I’m grateful for Pilates. My teacher allows me to be challenged but to go at my own speed. When I say, “I’m done”, I mean it. I’ve been training with her for more than 4 years, and my core is able to support me, allows me to walk and travel if done with good pacing. I miss all the energy I used to have, while young, but we all lose some of that naturally.

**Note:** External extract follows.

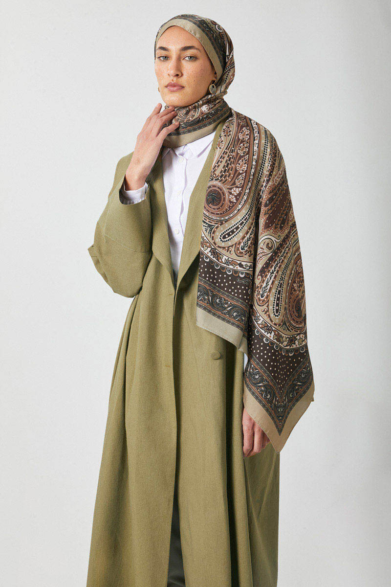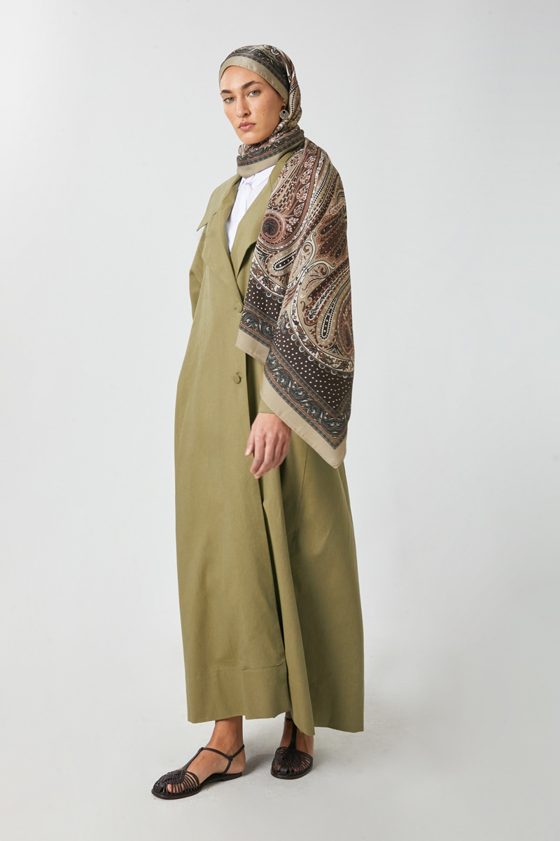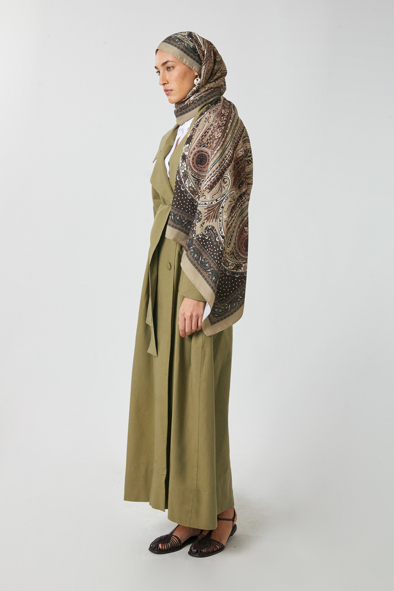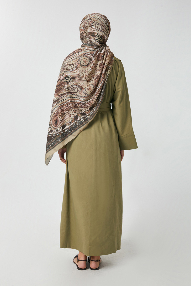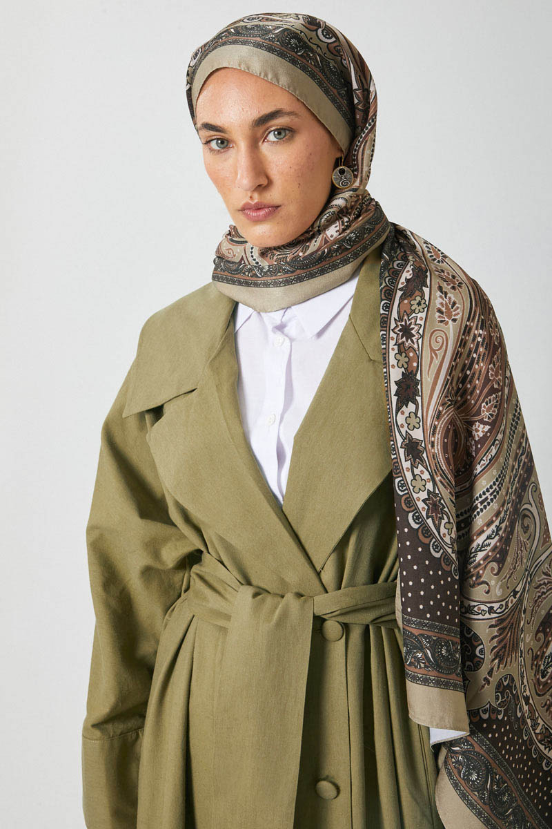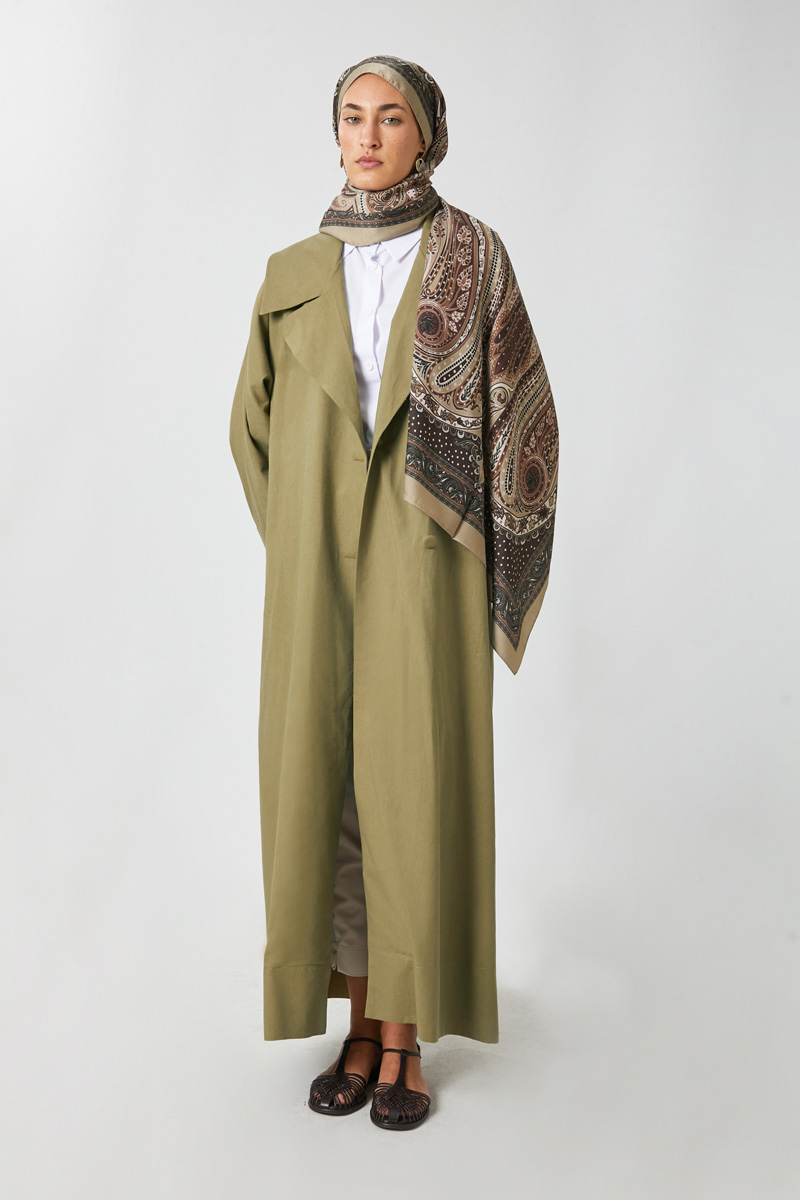 Kruvaze Keten Trenç Haki. Kruvaze kapamadır, düşük omuzludur, beli kemerlidir, yandan ceplidir, astarsızdır. Günlük kullanım ve özel günlerinizde tercih edebilirsiniz.

I am grateful to this new technology that connects us all, no matter where we live. My son gave us his first ipad when he bought the one with a camera, and I write with it all the time. Cort, I am grateful to you, too, keeping us in touch with new research. I am optimistic that with research, treatments will be found to make our journey easier. Thanks, Abby
Loved your post. I think the “gift” of this illness is gratitude. When I was healthy I had no idea of how blessed I was. It was only the loss of my health that taught me to be grateful for what I have.
Bonnie
Hi Cort,
So very grateful for my friend who drops in from time to time to say hi, gives me a hug and
warms my heart with a smile.
So grateful for all the help that is now on line for us to come to anytime we can, without it we would be very lost-THANKYOU!
So grateful for many, many things in my life even though sometimes things gets the better of me.
Cheers to You for all your very dedicated work:-)
I have got myself a little note book in which I have made my first entry of the things I appreciate. I plan to make one entry a day. It’s a start at least!